Dans les différentes cours de récréations parcourues, de
l’école primaire au collège (au lycée, nous
dribblions les filles en jupe, j’affichais mon manque de technique, moi qui fut
toujours affecté aux tâches défensives), il fallait confectionner un
gros ballon avec une énorme boulette de papier que couvrions d’une bonne
épaisseur de scotch (durée de vie : dix
minutes avant de recoller le tout).
Il y avait des balles de tennis, de vrais et rares ballons en
cuir d’ours en peluche.
Pendant les cours les plus longs (comprendre
pénibles), je me rappelle de nombreuses parties avec la petite bille des
cartouches à encre. Il suffisait d’ouvrir la cartouche vide, essuyer la bille
et prendre nos crayons comme jambes. Au bout de chaque table, nous faisions
deux buts avec des gommes ou nos bidons de typex et la partie commençait. Les
professeurs devaient s’interroger sur les gesticulations brusques de ces élèves
de fond de classe et sur leurs nombreuses plongées sous les bureaux pour
récupérer les billes.
A l’âge de se réunir les samedis et dimanches matin entre presque grands avec la panoplie du footballeur de week-end, il n’y avait plus que le plaisir de se raconter la semaine passée, refaire les matchs de championnat, et taper dans la balle plus fort et plus précisément que ces potes de dix ans d’avant devenus aujourd’hui ces potes de vingt-cinq ans d’avant. Toujours les mêmes matchs, les mêmes quolibets, mais le jeu simple originel. Ça n’empêchait pas la compétition, bien au contraire. Je savais celui qui tentait le petit pont en repiquant de l’aile vers l’intérieur, je savais celui qui crochetait à droite plus facilement qu’à gauche, je savais celui qui jouait des épaules, ils savaient que je n’hésitais jamais à me racler les cuisses quel que soit l’état du terrain, juste pour faire comprendre que le ballon ne passerait pas.

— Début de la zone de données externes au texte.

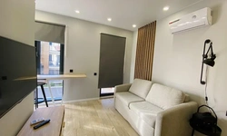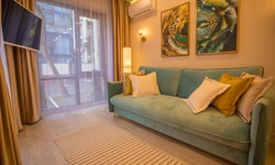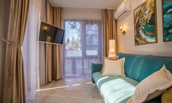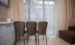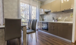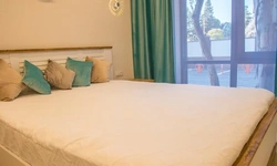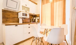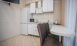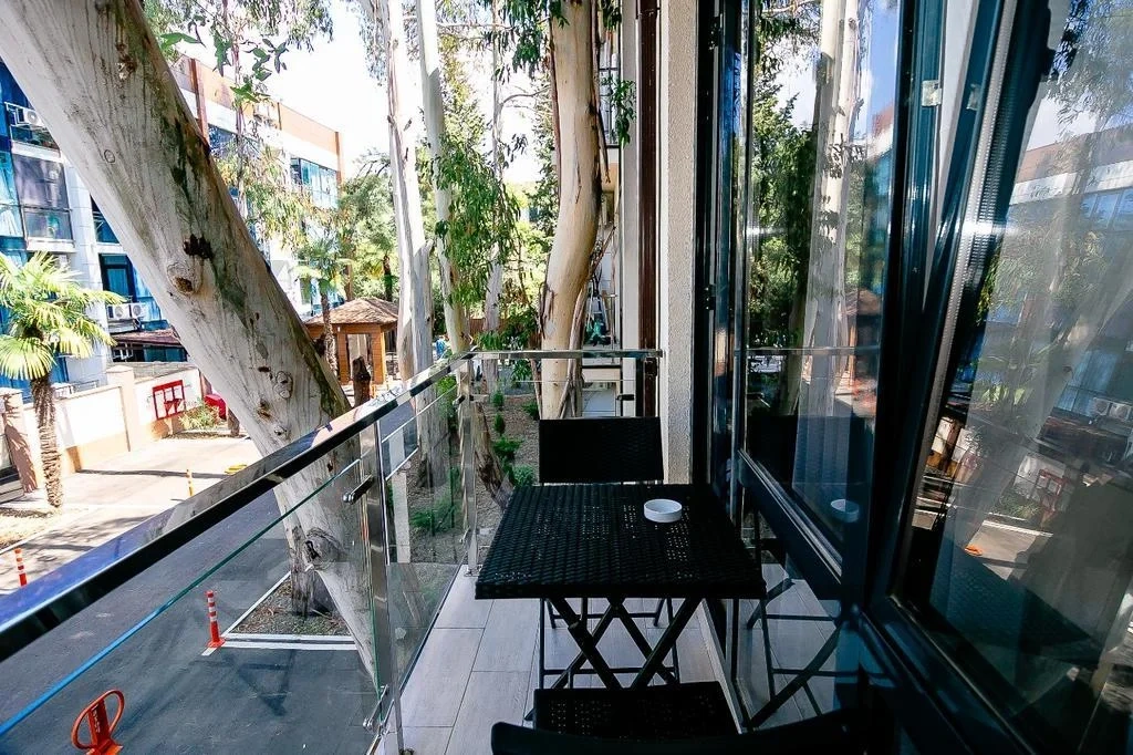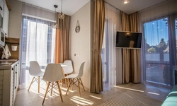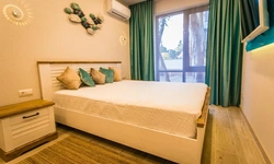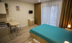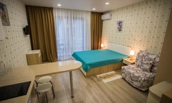 Номер полностью соответствует фото. Новая мебель. Чисто. Есть кухня и необходмая посуда, все в отличном состоянии, можно готовить. В санузле есть стиральная машинка, что очень удобно))) балкончик приятный бонус, выходит на стену с балкончиками в соседском отеле, вида нет, но в целом посидеть - норм.

Et nous savons tous aujourd’hui que, bien que plus lents, nos
esprits jouent comme il y a vingt ans.
L’équipe de France s’accroche à sa tactique défensive et à ses
contres teintés de technique zidanienne, elle n’a pas le plus beau football de
ce Mondial mais elle a le plus beau destin entre les pieds.
Sous couverts de son n°10 immortel, il s’agit du plus beau
scénario imaginable, cinématographique dirait-on, depuis peut-être Pelé, le
roi.
J’aime désormais à me conforter dans l’idée que la France n’est plus ce pays
du 20ème siècle qui savait perdre avec panache mais cette autre nation
sportive qui gagne avec une classe inimitable ou qui gagne tout court comme
savent le faire Brésil, l’Allemagne, l’Argentine, l’Italie…
Zidane a son portrait du 21ème siècle, la France pourrait aussi avoir
une image redorée.
Le sport, c’est si peu et tant aussi.